As young girls we all look forward to our first bra. We're proud at each new cup size. As a few years pass, we realize that we're unable to jump and run without one. The novelty begins to wear off. Then we look forward to nursing babies, finding that bras are once again a godsend...for a while. We get weary of the constant feedings. Our babes wean and we look in the mirror and see our once beautiful breasts a bit lower than they once were. We turn to underwire for help. Some women are so dismayed that they feel the need to go under the knife to "fix" their breasts. We compare our selves to younger girls and find ourselves short.

As young girls we anxiously await our passage into womanhood with our first cycle. It's exciting, for a day and a half, until we realize that we're going to do this every month for the next 25, 35, 40 YEARS. Then we begin to resent it each month: the cravings, the bloat, the hormones. We spend an entire week complaining that it's coming. But we miss that it's that exact cycle which enables us to create life! It's a wonderful glorious thing and we bemoan it each month.

As adolecense we see our hips begin to develop and we're captivated by the mirror looking at our new curves. We use them to attract the boys and we're proud to have them. Then we age a bit and they get bigger than we might like. We begin to become uphappy with them and complain about the very things we were so enamored with as teenage girls. We grow older, have children, and somehow expect to look seventeen again.

We go through all of these changes failing to realize that there are many rights of passage in life and how we handle them will either make us or break us.

Ladies, there is nothing wrong with your breasts or mine! Mine sustained life for five precious children and if they hang a little low and swing too and fro, they're BEAUTIFUL and they're mine and they're perfect the way they are.

And there is nothing wrong with your hips or mine! As long as you're HEALTHY they're perfect the way they are, they've changed, that's all and they are a part of you. So gravity got ahold of them. So what!

We grow older and we pass from child to young lady to young woman. Now I'm turning 36, I have night sweats and my cycles are getting a bit odd and I have saddle bags forming in my thighs that I can't get rid of and I have wrinkles forming around my mouth (hopefully from all that smiling I like to do). My metabolism is slowing down so I have to be more careful about what I eat and I have to make sure that I exercise. And I need to get a base line mammogram.

And why? Because I'm passing into another phase of my life, another beautiful phase that will once again change my body and my appearance. And it's okay. I looked into the mirror this afternoon after fully coming to appreciate what is going on with my body and I really like my non-perky boobs and my less than "Hollywood perfect" hips and thighs and the lines around my mouth and I realize that these are just the marks of a happy life with a wonderful husband and five amazing children and I LIKE the way I look, every bit of it.

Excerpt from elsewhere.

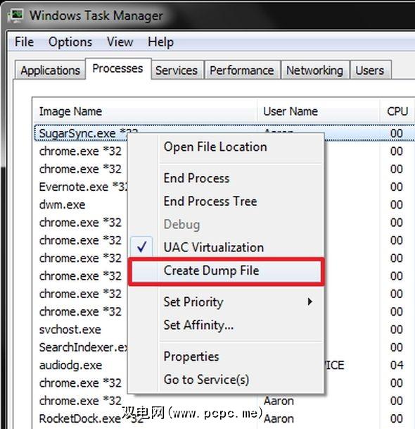还记得我们谈到结束过程时的情况吗?解决应用程序问题的另一种方法是使用调试工具,该工具对于Windows是免费的。为此,您需要创建一个转储文件以供调试工具评估。右键单击有问题的过程,然后单击“创建转储文件"。注意文件的保存位置,以便在使用调试工具打开文件时可以轻松地访问它。

And as I spend the next decade passing from young woman to mature woman, I will not be anxious for it to end. I will not judge my body against the bodies of girls two phases behind me. I will embrace this change and I will embrace me and I will do my best to enjoy every little bit of it instead of trying to rush it on or longing for life which has already passed.

Because I am a woman.

And this is my body.

And it's functions and looks are perfect and running along just the way nature intended it to be.

I am a woman. I am beautiful. I will be 36 soon.

And in about ten years, we won't need to purchase condoms anymore.

Saturday, October 07, 2006

Second Degree Burn

That's what you get when you overflow a jar of apples with hot bubbling syrup that is over 225 degrees. But if you keep it on ice off and on for 3 1/2 hours, amazingly enough, you get no blisters and by the next day, it no longer hurts to touch it. I'd take a picture of my hand, but my new camera hasn't arrived yet...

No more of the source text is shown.